Nick Daschel has put together a series called the best Pac 10 coaches of the modern era. As a guide point he is using 1959 as a starting point and has compiled a list of 30 coaches stretching back fifty years. It makes interesting reading because coach #30 to start the list is Tyrone Willingham. I guess if you take your team to a Rose bowl you get automatic inclusion.

If you are going to put Willingham on the list you have to include Rick Neuhesiel because he does have that Rose Bowl victory on his resume. Rick was also a bruised Tui tailbone away from going to two Rose Bowl's during his short term at Washington. Say what you want about integrity issues concerning Rick but he was a much better coach than Willingham. Rick comes in at #24.

Bill Walsh at #20?

Nothing against Bill Walsh but his success happened after he left and before he returned to Stanford.
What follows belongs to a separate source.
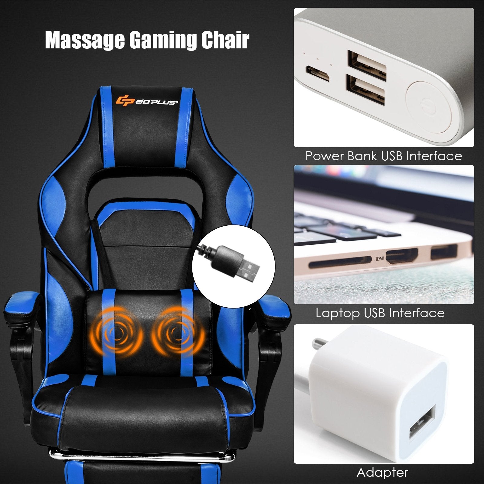 Ultimate Comfort with Footrest and Massage:  Hidden footrest with a scientific length and thick sponge inside provides better relaxing posture during an afternoon nap in your office or home. Massage lumbar support keeps you comfy after long hours of game or work.

Another question is how do you rank Larry Smith and Dick Tomey above Mike Price? I think what Price did during the last five years of his tenure at WSU rivals any accompliany head coach during the modern era including Carroll, McKay, and James.

#11 happened to be a guy named Jim Owens who passed away only last week. I think #11 is a little low for Owens who led the West coast back to respectability in the early 1960's. Expect Don James to be listed inside the top five once this is all said and done. I think anything less than a three will be a surprising snub.

My number one of all time would be John McKay. You can't argue with what he accomplished during his tenure at USC. Number two is very close between Don James and Pete Carroll. After that I would throw in UCLA's Terry Donahue and USC's John Robinson.

I know it is Husky heresy to ever suggest that anyone was ever better than DJ but the overall record of McKay and Carroll are among the best in collegiate history. If it was my list I would go with McKay at #1 followed by James and Carroll in a dead heat at #2.

Carroll as we know has had certain advantages at USC in his tenure and the biggest one may just be the decline of Washington, and UCLA. You take away your two biggest adversaries and it clears a bunch of debris out of the road to greatness. I will say even with a traditionally strong UW, and UCLA to contend with he would still have won most of those championships. Pete Carroll is the real deal IMHO.

James had his own debris clearing when he was coach too. Timing is everything you know. The move by McKay to the NFL, the probation of five Pac 10 schools at one time, and the reduction of scholarship limits to prevent the hoarding of talent at USC all helped him along the way. I will say though that he was beating McKay like a drum before he left which is no small acomplishment.

The thing about best of lists is that they are all subjective. The same writer could tackle the same subject next year and come up with a different conclusion. That is just another reason why they are fun to do.